DATASET EXTRACT |

# # # #

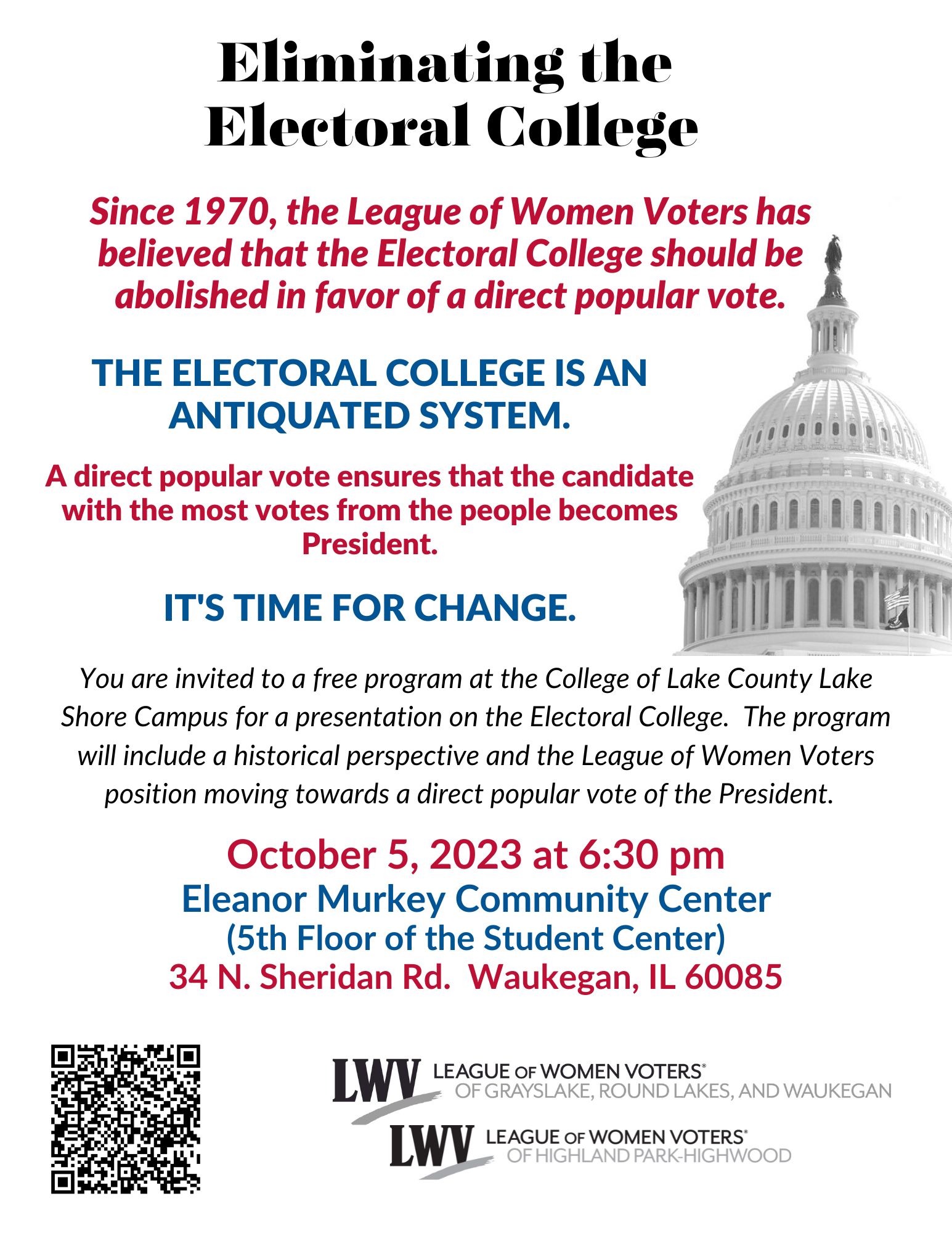 The program will include a historical perspective and the League of Women Voters position moving towards a direct popular vote of the United States President.
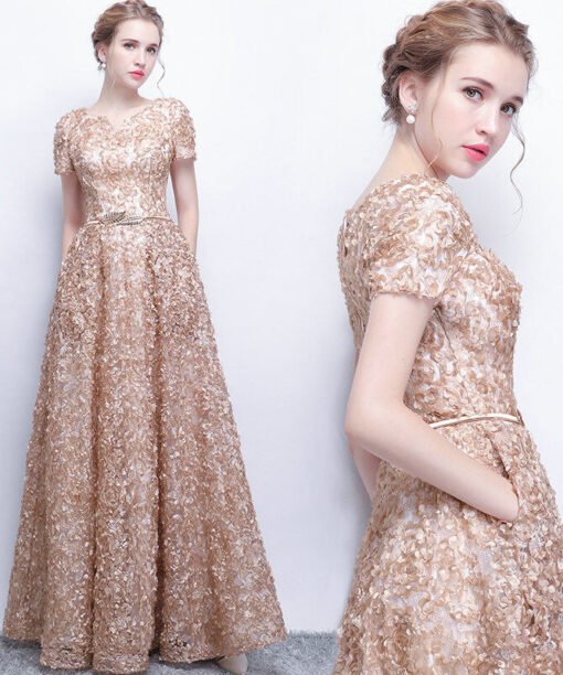 Round collar a line short sleeve long floor length zipper back affordable champagne formal dress with waistband for sale
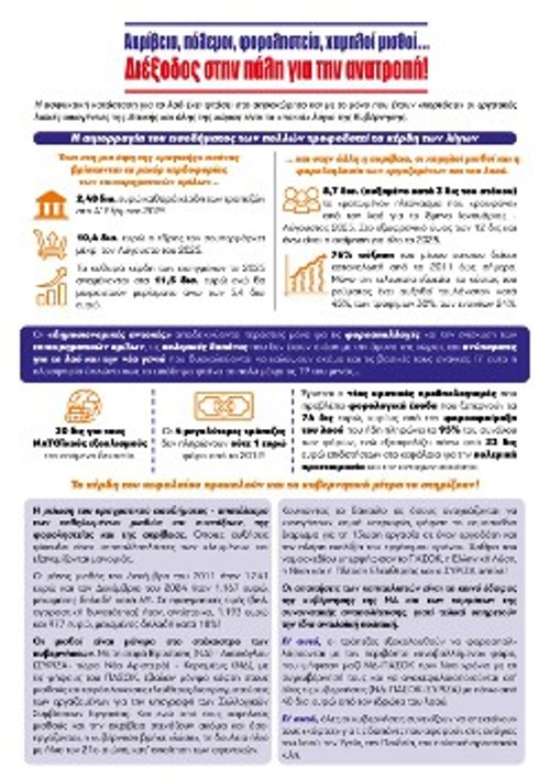 - Ερχεται ο νέος κρατικός προϋπολογισμός που προβλέπει φορολογικά έσοδα που ξεπερνούν τα 74 δισ. ευρώ, κυρίως από τη φοροαφαίμαξη του λαού, που ήδη πληρώνει το 95% του συνόλου των φόρων, ενώ εξασφαλίζει πάνω από 23 δισ. ευρώ επιδοτήσεων στο κεφάλαιο για την πολεμική προετοιμασία και την ανταγωνιστικότητα.

# # # #

EXERCISE DETAILS | Write out again exactly the lines from the start of the data above through the line containing "Round collar a", inclusive, excluding any pictures.

TASK ANSWER |
 The program will include a historical perspective and the League of Women Voters position moving towards a direct popular vote of the United States President.
 Round collar a line short sleeve long floor length zipper back affordable champagne formal dress with waistband for sale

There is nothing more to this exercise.